Nad Arktyką miała miejsce sytuacja, która wymagała natychmiastowej reakcji sił powietrznych Stanów Zjednoczonych i Kanady. Dowództwo Obrony Północnoamerykańskiej Przestrzeni Powietrznej i Kosmicznej (NORAD) zauważyło niepokojącą aktywność rosyjskich samolotów wojskowych, co sprowokowało odpalenie alarmowej procedury.
DECYZJA NORAD
W odpowiedzi na sygnały o obecności rosyjskich jednostek, NORAD postanowił wysłać w powietrze osiem myśliwców, w tym nowoczesne F-35 oraz samolot wczesnego ostrzegania AWACS. Choć działania miały miejsce na początku tygodnia, szczegółowe informacje na temat typów rosyjskich maszyn nie zostały ujawnione.
PATROLE POWIETRZNE
Patrole przeprowadzane przez amerykańskie i kanadyjskie siły zbrojne objęły szeroki obszar — od wybrzeży Alaski po północne rejony Kanady. W ramach kanadyjskiego składu NORAD, dwa samoloty CF-18, wspierane przez cysternę KC-135, współpracowały z amerykańskimi F-35 oraz E-3 AWACS, oraz dodatkowymi samolotami tankującymi, wykonując misje patrolowe mające na celu dokładniejszą kontrolę rosyjskich aktywności.
STANDARDOWE PROCEDURY
NORAD zaznacza, że obecność rosyjskich samolotów nie stanowiła bezpośredniego zagrożenia, jednak działania te są częścią rutynowych procedur zwiększenia obecności wojskowej w regionie Arktyki. W ramach tych działań, wysłano również dwa myśliwce F-16 z Alaski do Grenlandii, co jest realizacją umowy o wzmocnieniu militarnym w tym obszarze.
INCYDENT NA ALASCE
W kontekście tych wydarzeń, warto odnotować incydent z 28 stycznia, kiedy to jeden z myśliwców F-35 uległ wypadkowi na terenie bazy Eielson na Alasce. Pilotowi udało się bezpiecznie katapultować i został wypisany ze szpitala wojskowego. NORAD zapewnia, że ten wypadek nie miał związku z toczącymi się tego dnia patrolami.
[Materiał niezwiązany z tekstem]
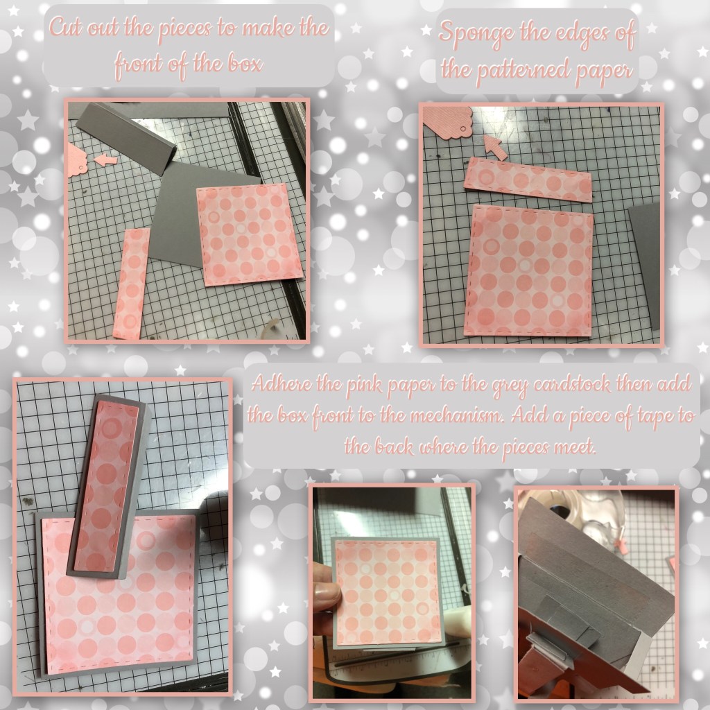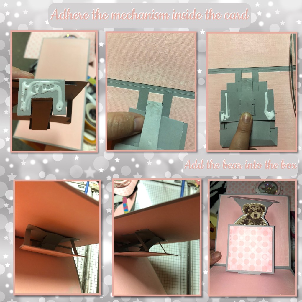 The pop up mechanism is the Parcel Pop up from Karen Burniston. I have photos to use as reference but I recommend watching her tutorial VIDEO as it is a tricky mechanism to make. I watched the video every time I make this style of card.
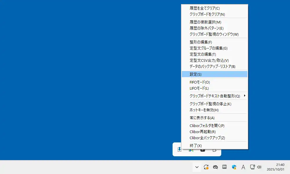 システムトレイに最小化されているCliborのトレイアイコンを右クリックするとメニューが表示されるので、ここから「設定」を選んで設定画面を表示します。
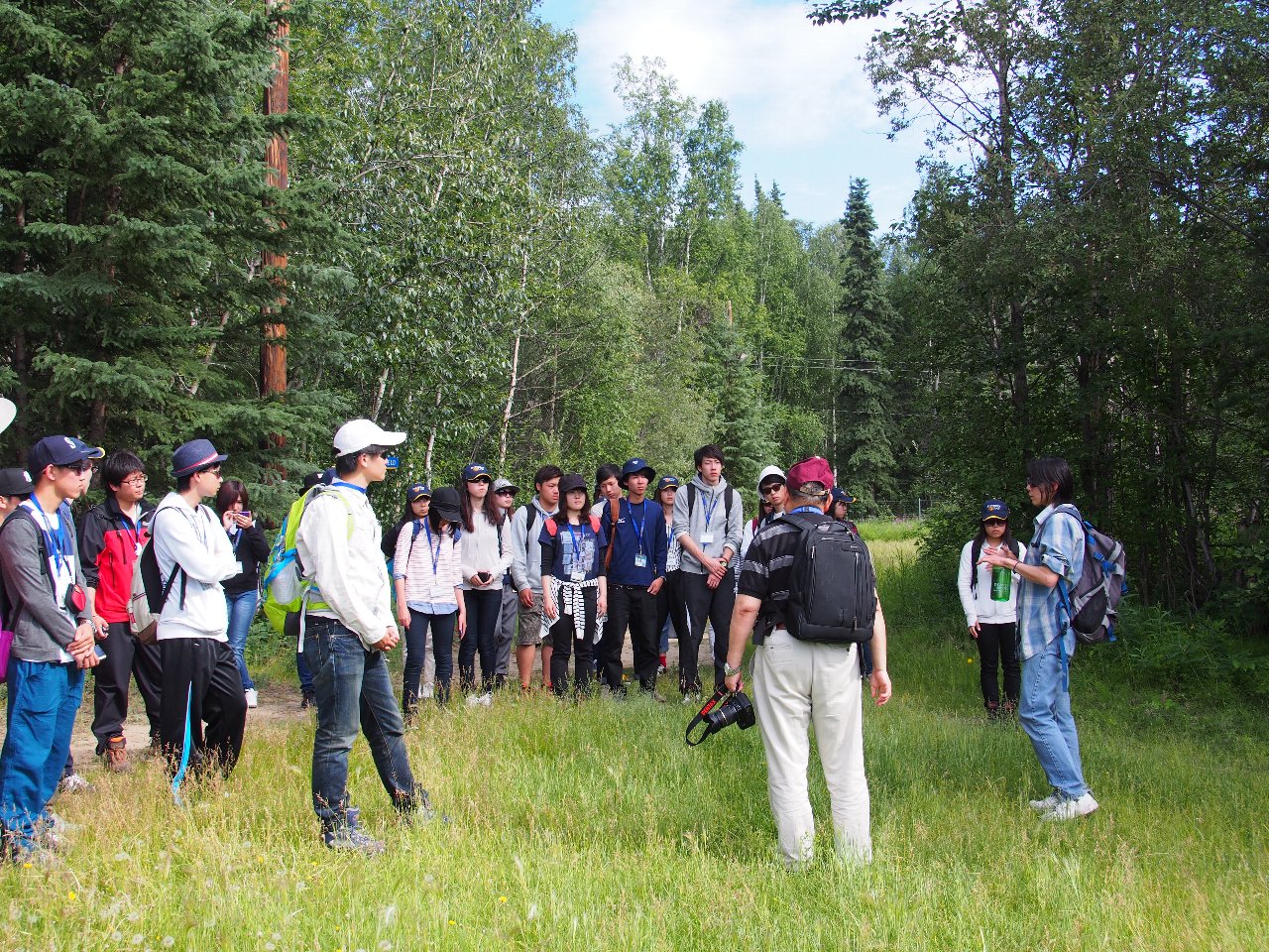午後からは、アラスカに関する専門講義が始まりました。1回目の今日は、Okuno先生による「Natural history of Akaska」、アラスカの気候、地形、動物や植物について学びました。その後Okuno先生と大学構内の森にハイキングへ。寒冷なアラスカでは、日本では高山植物として知られるゴゼンタチバナやイソツツジなどの植物を、平地で見ることができます。また針葉樹と広葉樹の種類と区別の方法や、森林火災を見越して最も高いところに後にしょうじる遷移など、アラスカの森林の基本を実地で学びました。
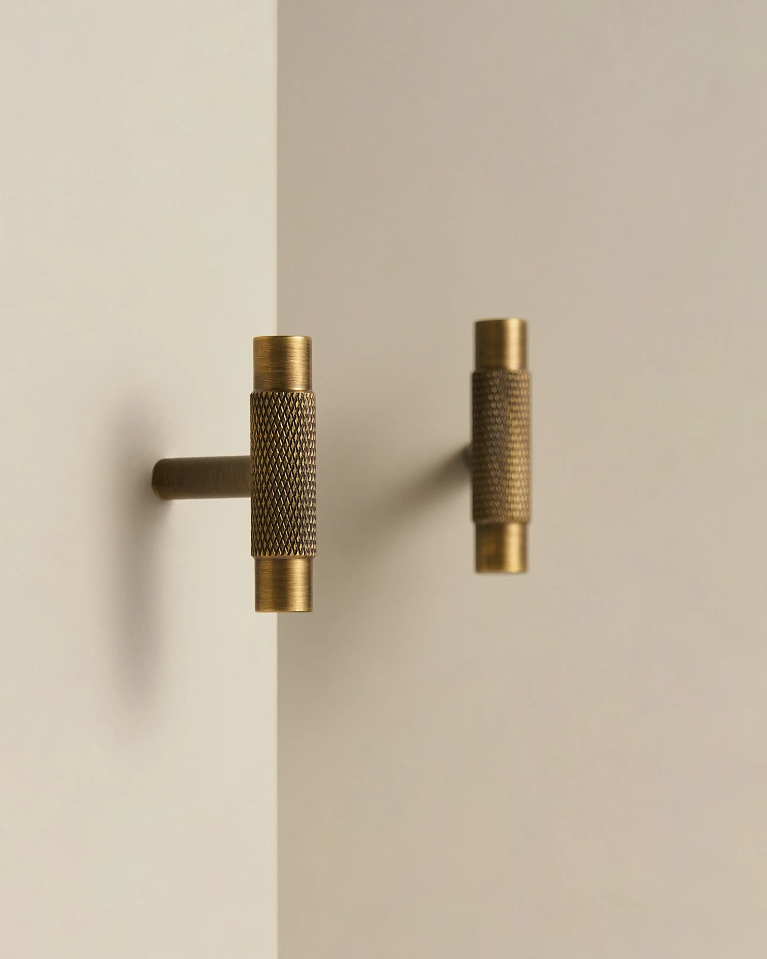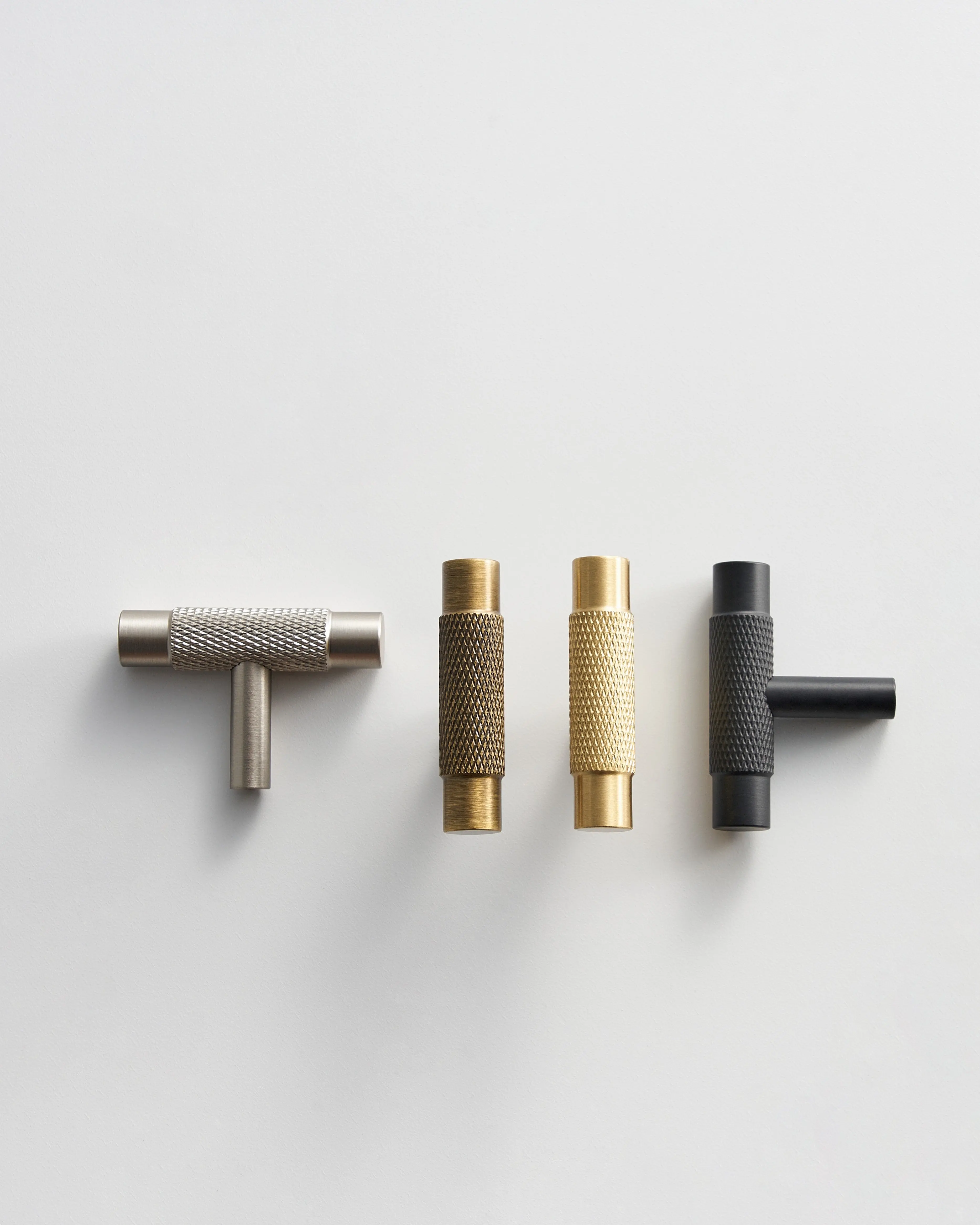 Part of the Kenswick Collection, this solid brass T-Bar knob brings an industrial edge to refined interiors. Its cylindrical form features finely diamond-knurled texture for enhanced grip and tactile appeal, anchored by a clean round base for a polished finish. The minimalist silhouette and precision detailing make it a versatile accent for kitchens, vanities, and built-in cabinetry.
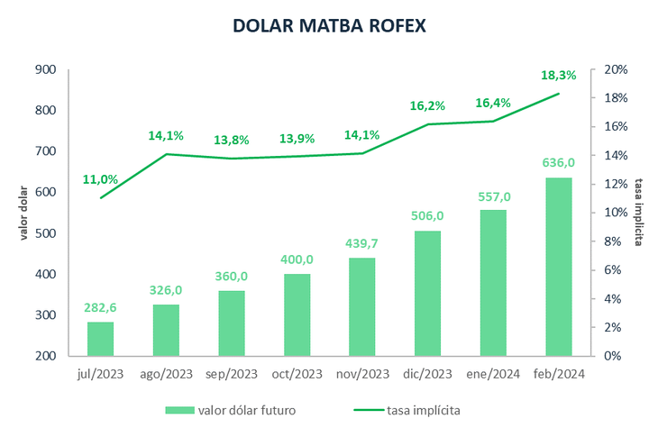 What is interesting is what the market expects for the coming months: until December a higher crawling peg rate compared to the current one, gradual (14%) but with a change of mandate there would be a jump of 16-18.3%. This can be seen in the implied future dollar rates.
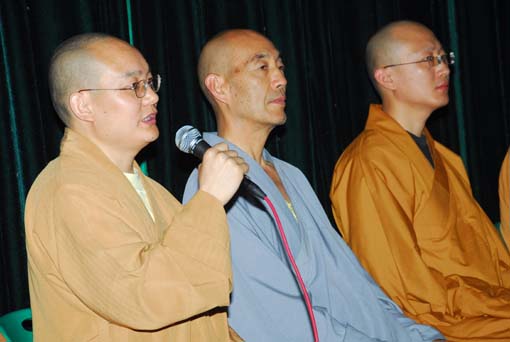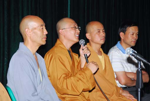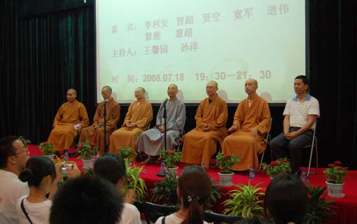 主席台成员:依左次为:慧慈法师、道伟法师、贤空法师、智超法师、慧超法师、宽军法师、李利安教授。
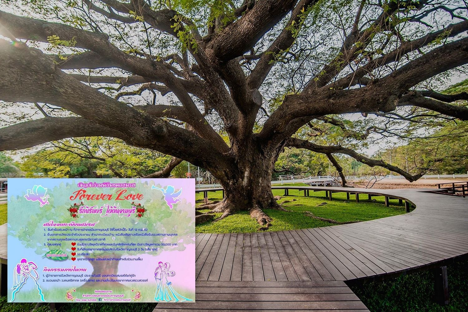 กาญจนบุรี-นายอำเภอเมืองกาญจน์จัดงาน" Forever Love "ชวนคู่รัก จดทะเบียนสมรสใต้ต้นจามจุรียักษ์ ถือเคล็ดเพื่อให้ชีวิตรักยืนยาว
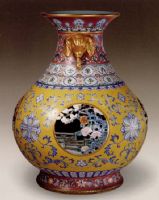 說 明: 這是一件既美觀又實用的陳設(shè)器,是乾隆年間唐英督理景德鎮(zhèn)御窯廠時,特為乾隆皇帝制作的新式玩賞瓷.據(jù)載,瓶上可活動的萬年甲子,寓意"循環(huán)如意,輻輳連綿".
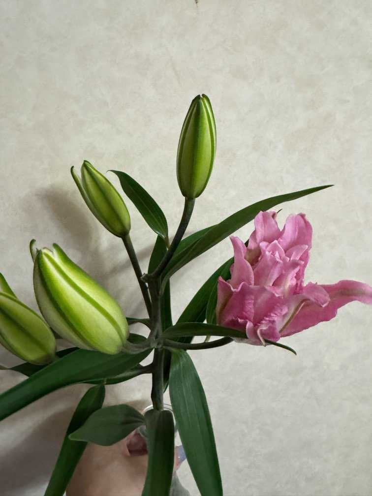八重の百合がきれいに開花。この時点で2つ開花。今は3つ目も咲きました。
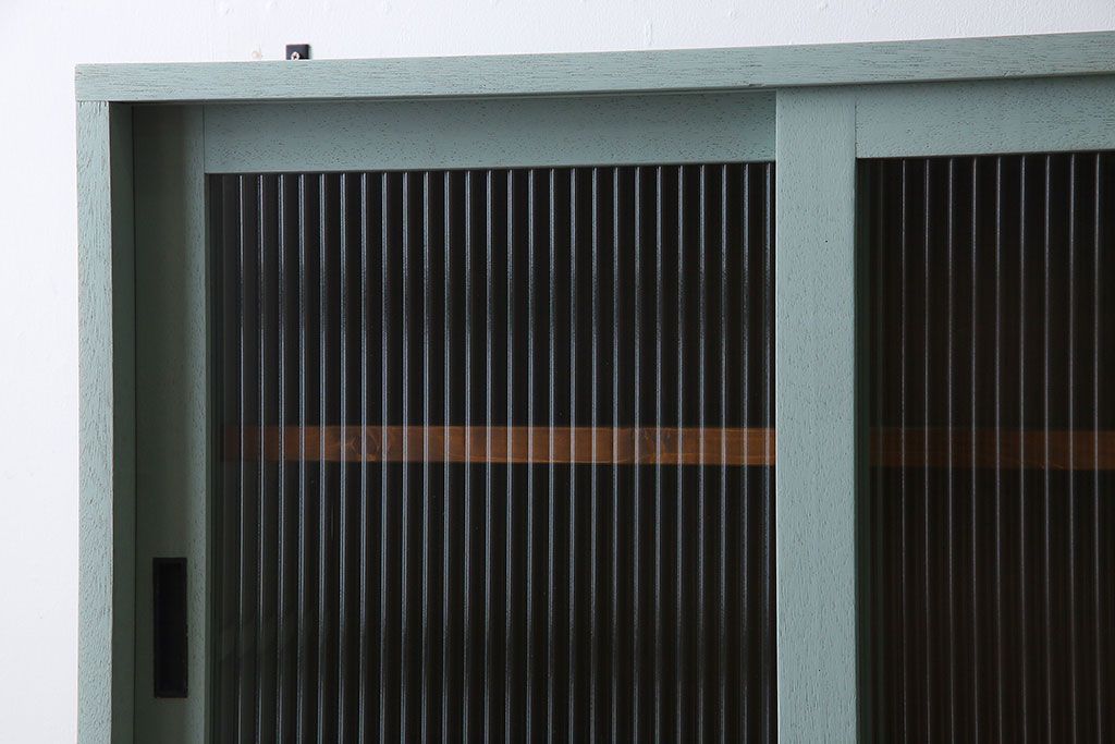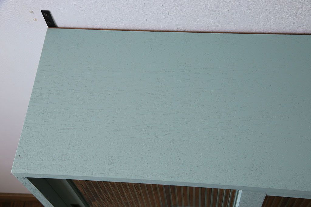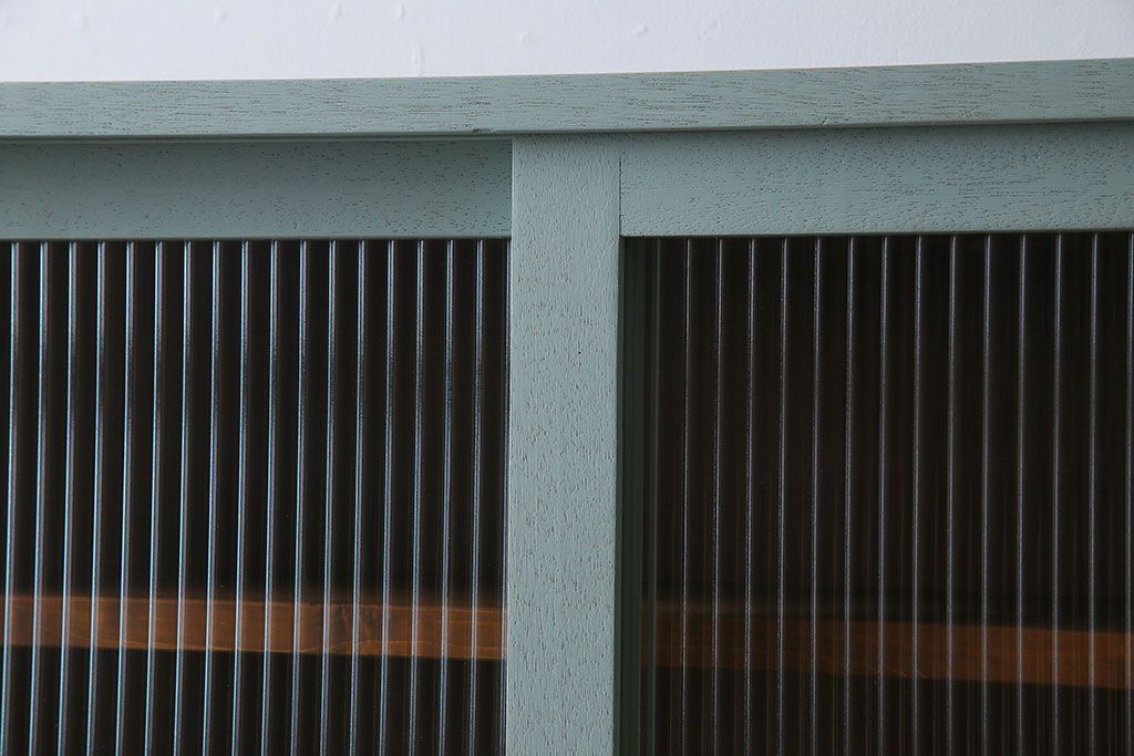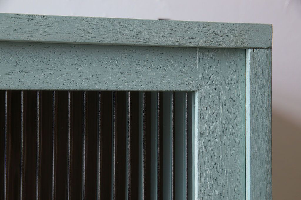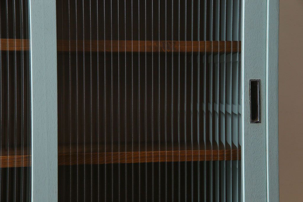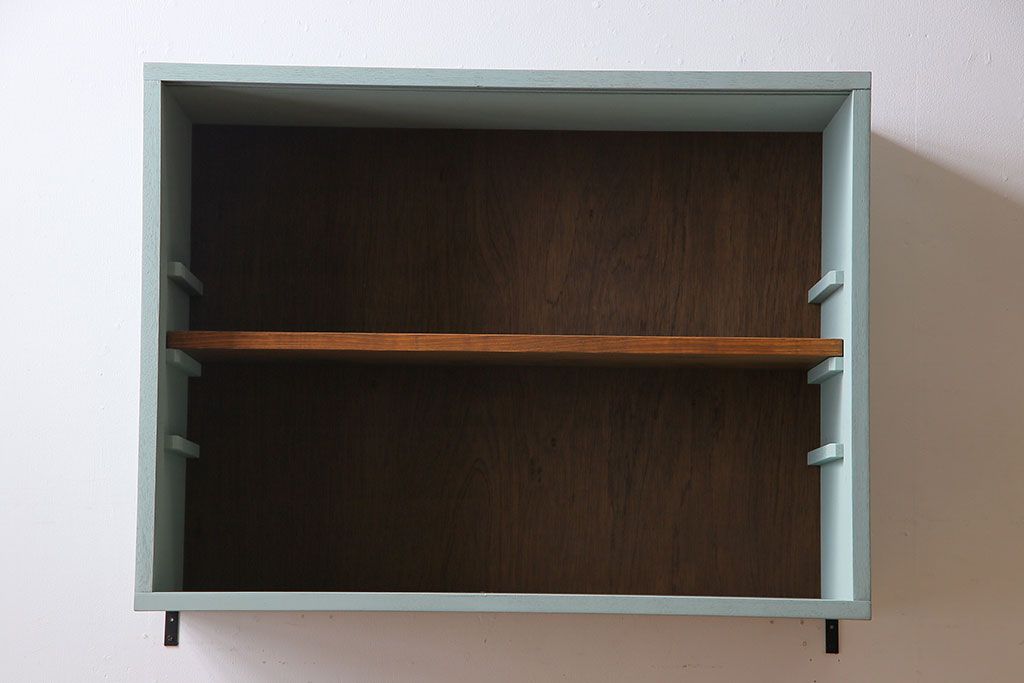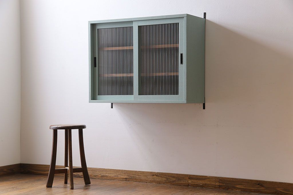 ラフジュ工房> キャビネット・戸棚 > ラフジュ工房オリジナル モールガラス入り 淡いグリーンペイントのウォールシェルフ(ウォールキャビネット、壁掛け収納棚、戸棚)
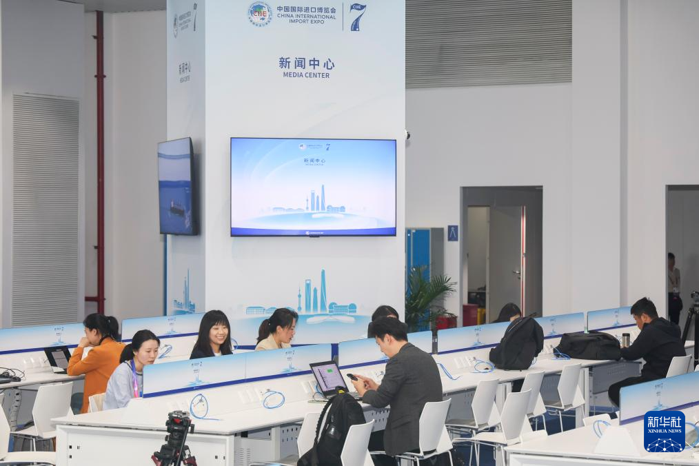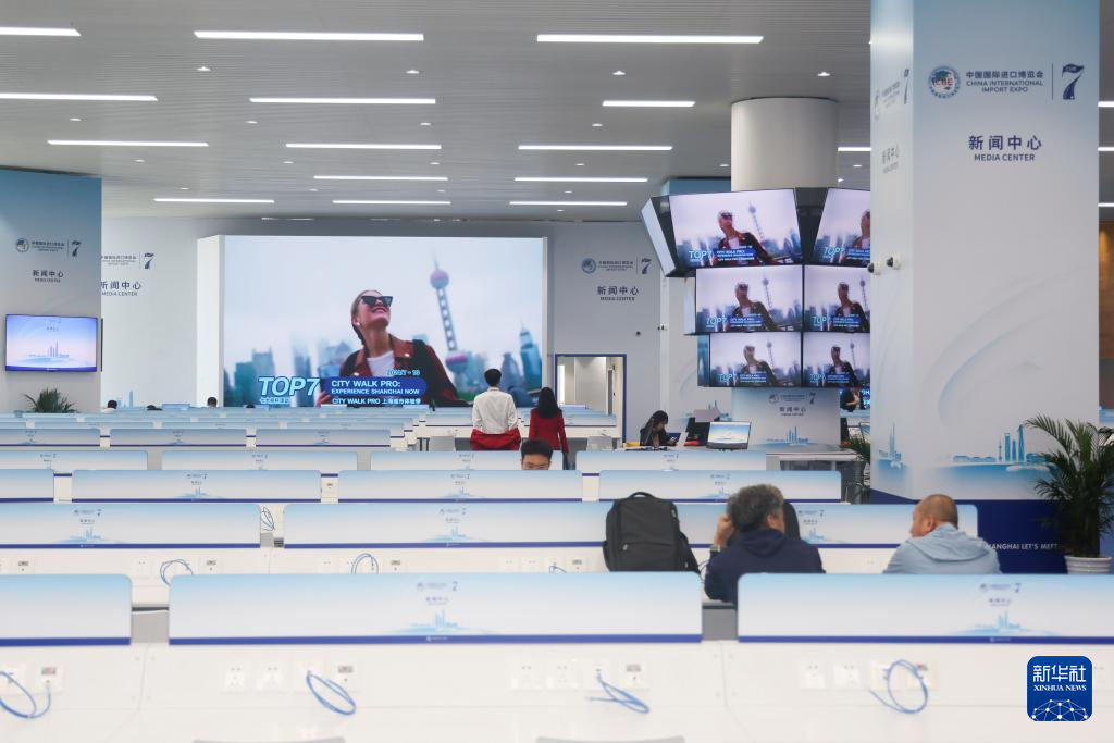 当日,设置在国家会展中心(上海)的第七届进博会新闻中心对中外媒体记者开放。
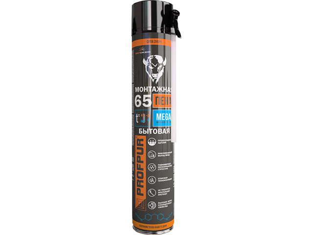 Пена монтажная бытовая всесезонная PROFPUR Mega (870мл) (Выход до 65л)
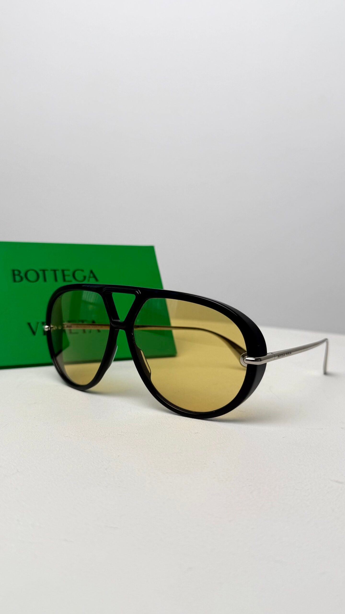 Ця модель — сміливе переосмислення класичної форми “авіатор” у фірмовій естетиці Bottega Veneta. Масивна оправа з чорного глянцевого ацетату в поєднанні з лінзами м’якого жовтого відтінку створює виразний контраст і додає образу ностальгічного шарму 70-х.Unisex. Ідеально підходять як до концептуального street-style, так і до стриманих класичних образів.

ROSYJSKA EKSPANSJA W ARKTYCE
Stany Zjednoczone nieustannie ostrzegają przed rosnącą aktywnością Rosji oraz Chin w Arktyce, co może zagrażać bezpieczeństwu USA i ich sojuszników. Rosja, zwiększając swoją obecność militarną w tym regionie i testując pociski hipersoniczne, a także prowadzając działania związane z okrętem podwodnym Archangielsk, staje się coraz bardziej dominującym graczem w strategicznie istotnym obszarze globu.